Every­body was delight­ed to be able to move more or less nor­mal­ly again after half a year of lock­down with this tech­nique. Of course, access to his health data, his con­tacts and his where­abouts had been strict­ly pro­tect­ed in the begin­ning. Oth­er­wise, nev­er would so many have been so will­ing to par­tic­i­pate. In the begin­ning, he still had full con­trol over the data in his health app and only he decid­ed when and if he would pass it on. It was only lat­er, in order to bet­ter research the spread of the virus, as it was called, that the decree came into force that autho­rized the health author­i­ties to have full access to the data.

Since then, only cit­i­zens with offi­cial proof of immu­ni­ty have been allowed to par­tic­i­pate in pub­lic life. Con­tact and trav­el restric­tions had been lift­ed for the Immunes. All non-immune peo­ple had their chip in their arms and always car­ried the health app with them. In addi­tion, they were oblig­ed to wear the white pro­tec­tive masks with green virus sym­bol issued by the author­i­ties as iden­ti­fi­ca­tion in public.

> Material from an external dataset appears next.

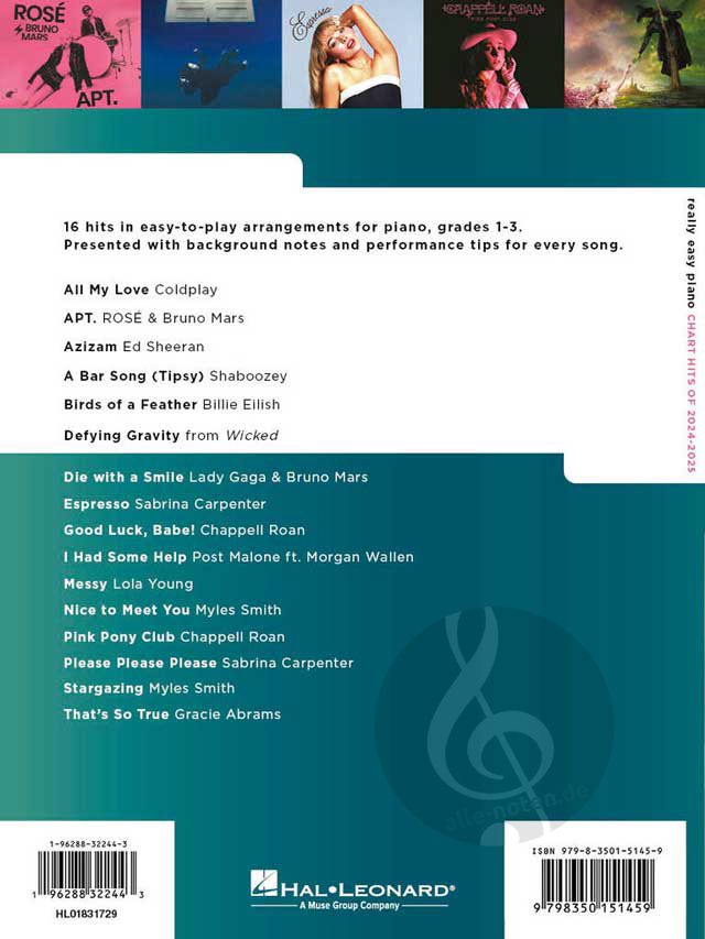 16 Hits in leicht spielbaren Arrangements für Klavier, Schwierigkeitsstufen 1–3. Darunter Hits von Billie Eilish, Sabrina Carpenter, Bruno Mars und Myles Smith. Mit Hintergrundinformationen und Performance-Tipps zu jedem Song.
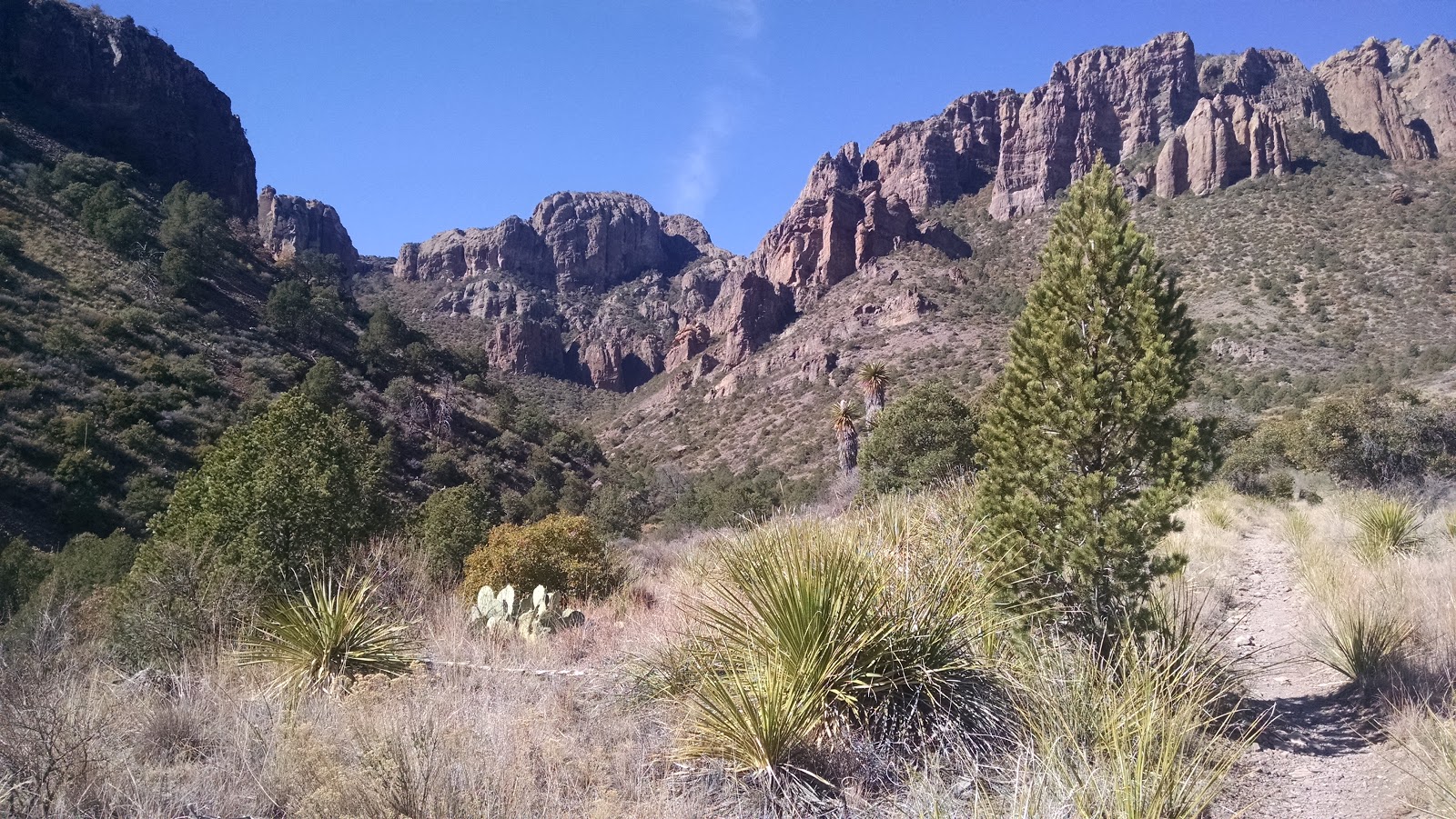 Today was our last full day in Big Bend. Two weeks went by so quickly. We headed out early to hike the Pine Canyon trail. It was the first hike we took when we came last year. It has a small waterfall that runs if there is enough rain. We saw it last time because it was a wetter than usual spring but this year has been dry. We have however been told by several people that it is a good place to see bears including a mother with several cubs so we are hoping for a sighting. From a distance of course.

Ini­tial­ly, K. had also tried to get such an offi­cial proof of immu­ni­ty. Final­ly, dur­ing the peak phase of the pan­dem­ic in spring 2020, he had also had a fever and cough. How­ev­er, his con­di­tion improved quick­ly by itself and he nev­er saw a doc­tor, so he was nev­er test­ed for the virus. How­ev­er, after six months, sev­er­al tests and con­sid­er­able admin­is­tra­tive costs, his appli­ca­tion to the health author­i­ties for an offi­cial proof of immu­ni­ty was reject­ed. Now he was not able to sub­mit a new appli­ca­tion again for six months at the ear­li­est. With­out high-rank­ing advo­cates in the author­i­ty, how­ev­er, this seemed to him to be a com­plete waste of time.

To be con­tin­ued — hope­ful­ly not.